**WHAT THE TASK REQUIRES**: Restate word for word the lines of the listing below, from its first line through the line with "昂旺尼瑪和妻子在家中聊天(2月18日攝)。新華社記者 孫非 攝", without the pictures.

**AVAILABLE DATA**:
------

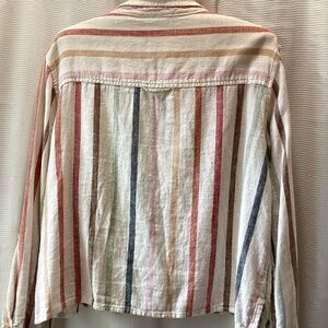 Excellent used condition🌸 super soft, boxy and striped with gorgeous warm tones /autumn colors of brick, brown, indigo, terracott, etc. Linen and Cotton blend but it doesn’t wrinkle easily. I washed in cold water and dried on low for a short cycle, per tag directions. Measures 20” pit to pit and 20.5 shoulder to hem. Size small but not fitted. Sleeve have tabs in case you want to roll up as shown in last picture. Thanks for looking!
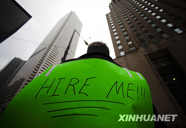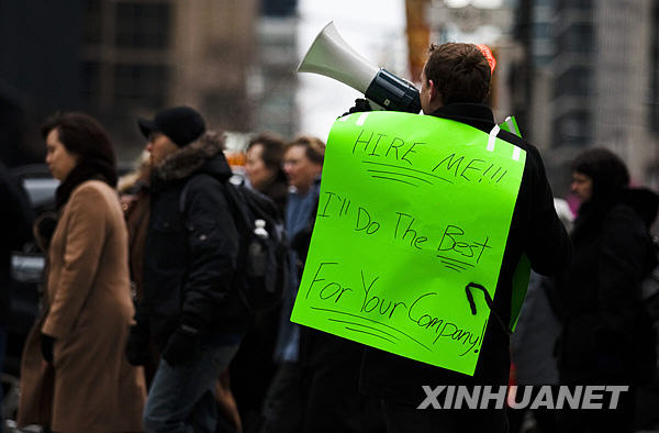 3月5日,在加拿大多倫多街頭,一名男子身披寫(xiě)有“雇用我吧!”字樣和個(gè)人簡(jiǎn)歷的紙衣,在街頭使用擴(kuò)音器找工作。據(jù)加拿大統(tǒng)計(jì)局公布的數(shù)據(jù),今年1月,加拿大新增失業(yè)人數(shù)達(dá)到12.9萬(wàn)人,創(chuàng)30年來(lái)月最高紀(jì)錄,失業(yè)率由2008年12月的6.6%升至7.2%。新華社/路透 |
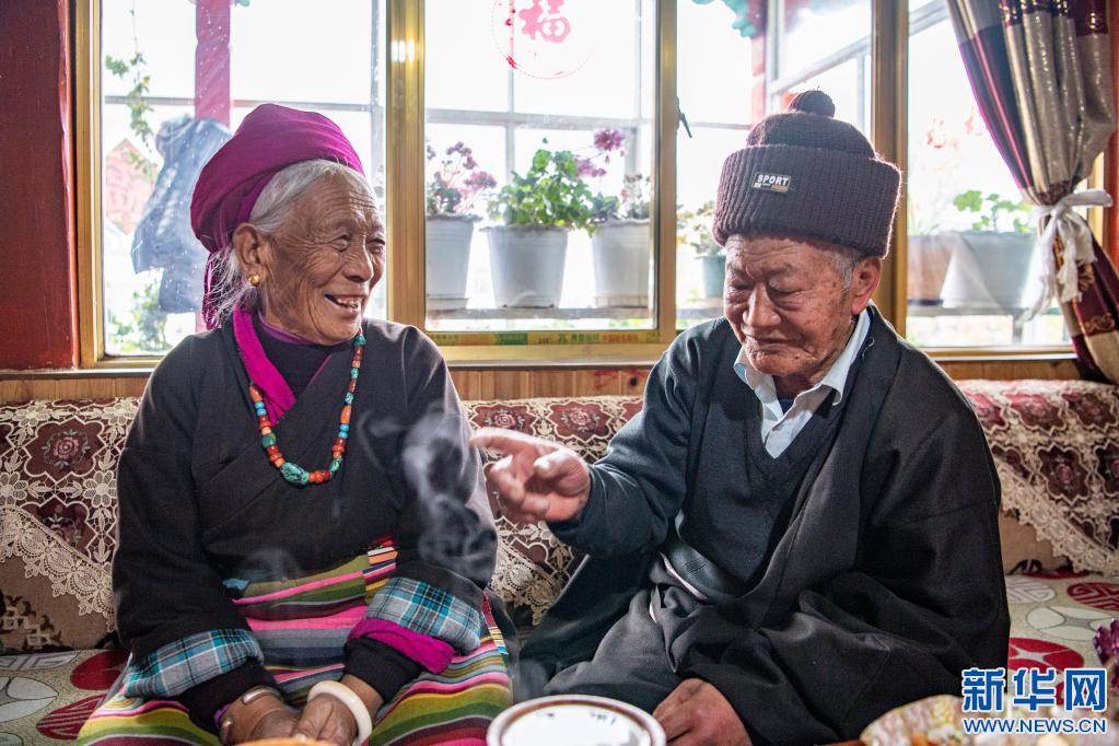 昂旺尼瑪和妻子在家中聊天(2月18日攝)。新華社記者 孫非 攝
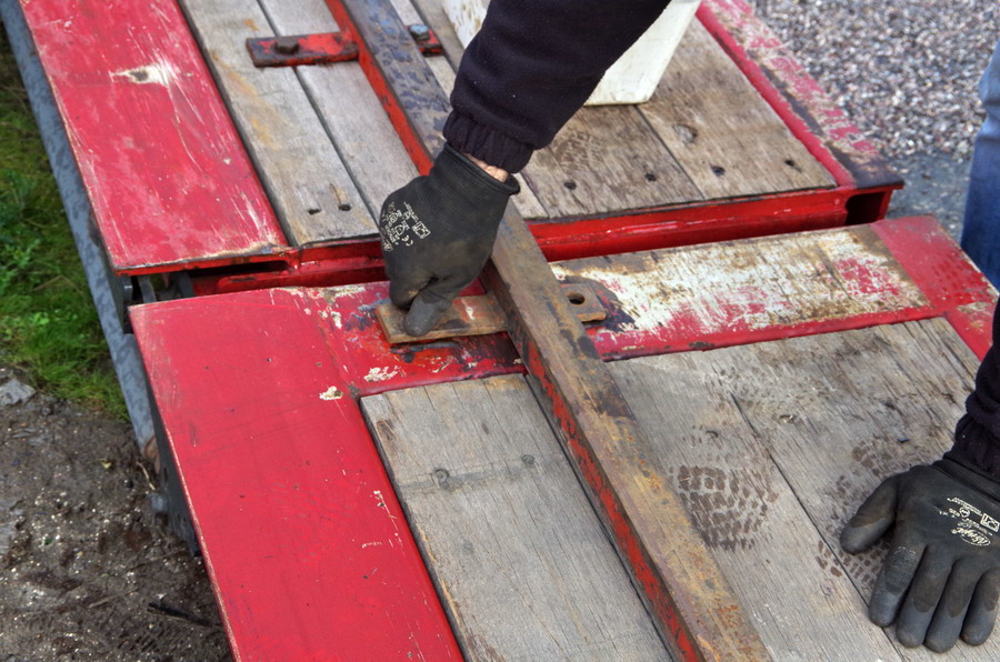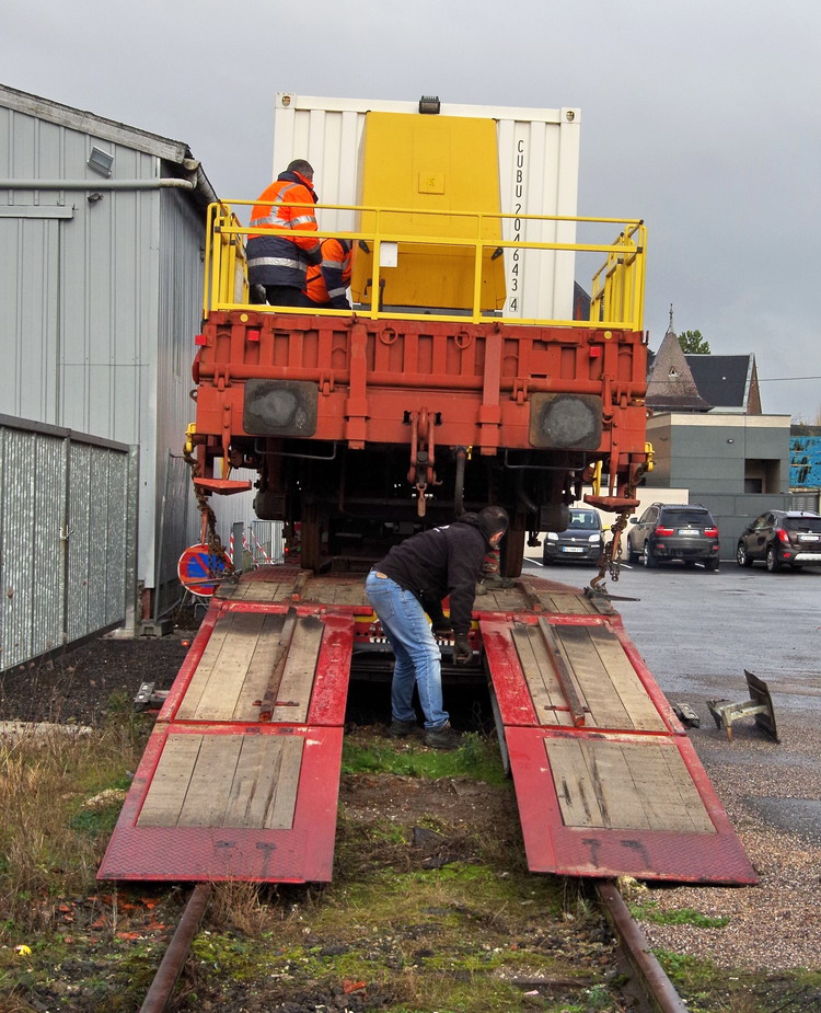 déchargement du wagon par le treuil du camion en gare d'Origny-Sainte-Benoîte le 09 janvier 2019

------

**OUTPUT FOR THIS EXERCISE**:
 Excellent used condition🌸 super soft, boxy and striped with gorgeous warm tones /autumn colors of brick, brown, indigo, terracott, etc. Linen and Cotton blend but it doesn’t wrinkle easily. I washed in cold water and dried on low for a short cycle, per tag directions. Measures 20” pit to pit and 20.5 shoulder to hem. Size small but not fitted. Sleeve have tabs in case you want to roll up as shown in last picture. Thanks for looking!
 3月5日,在加拿大多倫多街頭,一名男子身披寫(xiě)有“雇用我吧!”字樣和個(gè)人簡(jiǎn)歷的紙衣,在街頭使用擴(kuò)音器找工作。據(jù)加拿大統(tǒng)計(jì)局公布的數(shù)據(jù),今年1月,加拿大新增失業(yè)人數(shù)達(dá)到12.9萬(wàn)人,創(chuàng)30年來(lái)月最高紀(jì)錄,失業(yè)率由2008年12月的6.6%升至7.2%。新華社/路透 |
 昂旺尼瑪和妻子在家中聊天(2月18日攝)。新華社記者 孫非 攝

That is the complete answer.